### Exercise
Restate the data below word for word, omitting pictures.

### Data extract
________________________

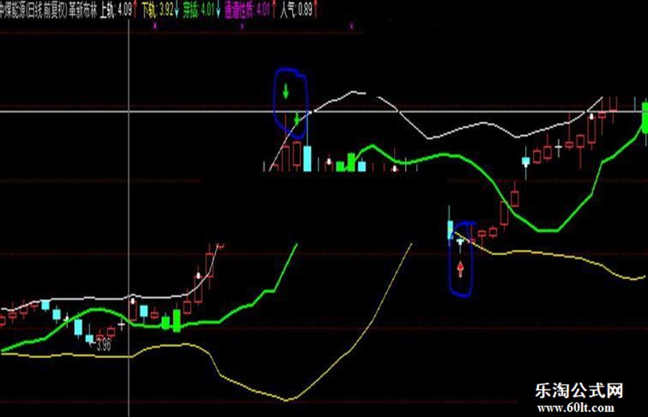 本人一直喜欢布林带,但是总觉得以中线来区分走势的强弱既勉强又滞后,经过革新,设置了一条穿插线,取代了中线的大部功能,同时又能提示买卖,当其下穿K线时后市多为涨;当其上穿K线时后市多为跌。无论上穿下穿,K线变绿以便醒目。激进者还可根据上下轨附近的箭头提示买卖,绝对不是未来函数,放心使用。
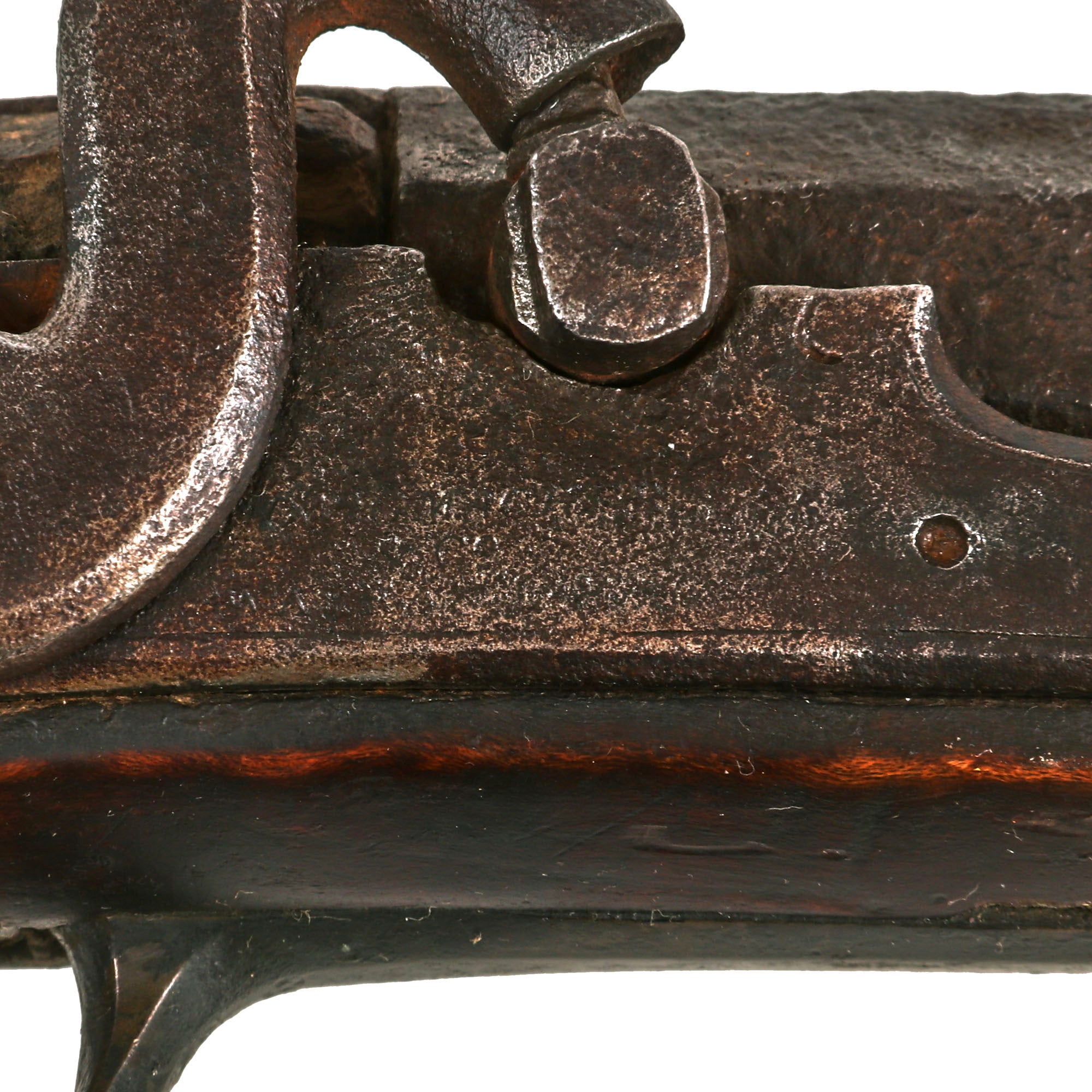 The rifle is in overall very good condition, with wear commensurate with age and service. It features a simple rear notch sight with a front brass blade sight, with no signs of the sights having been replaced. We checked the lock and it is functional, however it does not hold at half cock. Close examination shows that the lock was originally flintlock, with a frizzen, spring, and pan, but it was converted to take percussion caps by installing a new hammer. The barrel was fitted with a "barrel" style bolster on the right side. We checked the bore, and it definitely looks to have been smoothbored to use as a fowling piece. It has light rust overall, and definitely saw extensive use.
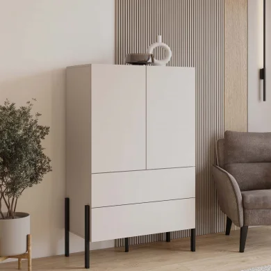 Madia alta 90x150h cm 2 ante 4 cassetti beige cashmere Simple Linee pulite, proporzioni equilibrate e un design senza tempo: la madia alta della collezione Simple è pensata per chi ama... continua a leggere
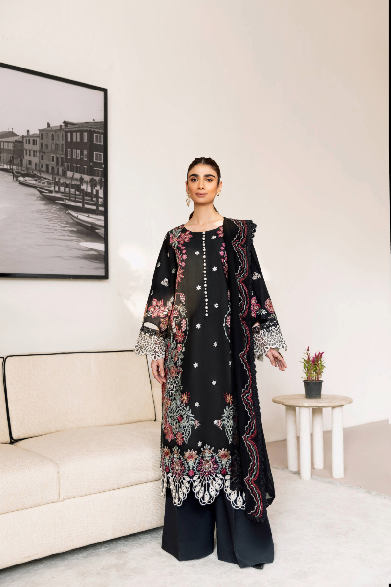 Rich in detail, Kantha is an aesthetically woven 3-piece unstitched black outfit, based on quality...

________________________

### Reply to the task
 本人一直喜欢布林带,但是总觉得以中线来区分走势的强弱既勉强又滞后,经过革新,设置了一条穿插线,取代了中线的大部功能,同时又能提示买卖,当其下穿K线时后市多为涨;当其上穿K线时后市多为跌。无论上穿下穿,K线变绿以便醒目。激进者还可根据上下轨附近的箭头提示买卖,绝对不是未来函数,放心使用。
 The rifle is in overall very good condition, with wear commensurate with age and service. It features a simple rear notch sight with a front brass blade sight, with no signs of the sights having been replaced. We checked the lock and it is functional, however it does not hold at half cock. Close examination shows that the lock was originally flintlock, with a frizzen, spring, and pan, but it was converted to take percussion caps by installing a new hammer. The barrel was fitted with a "barrel" style bolster on the right side. We checked the bore, and it definitely looks to have been smoothbored to use as a fowling piece. It has light rust overall, and definitely saw extensive use.
 Madia alta 90x150h cm 2 ante 4 cassetti beige cashmere Simple Linee pulite, proporzioni equilibrate e un design senza tempo: la madia alta della collezione Simple è pensata per chi ama... continua a leggere
 Rich in detail, Kantha is an aesthetically woven 3-piece unstitched black outfit, based on quality...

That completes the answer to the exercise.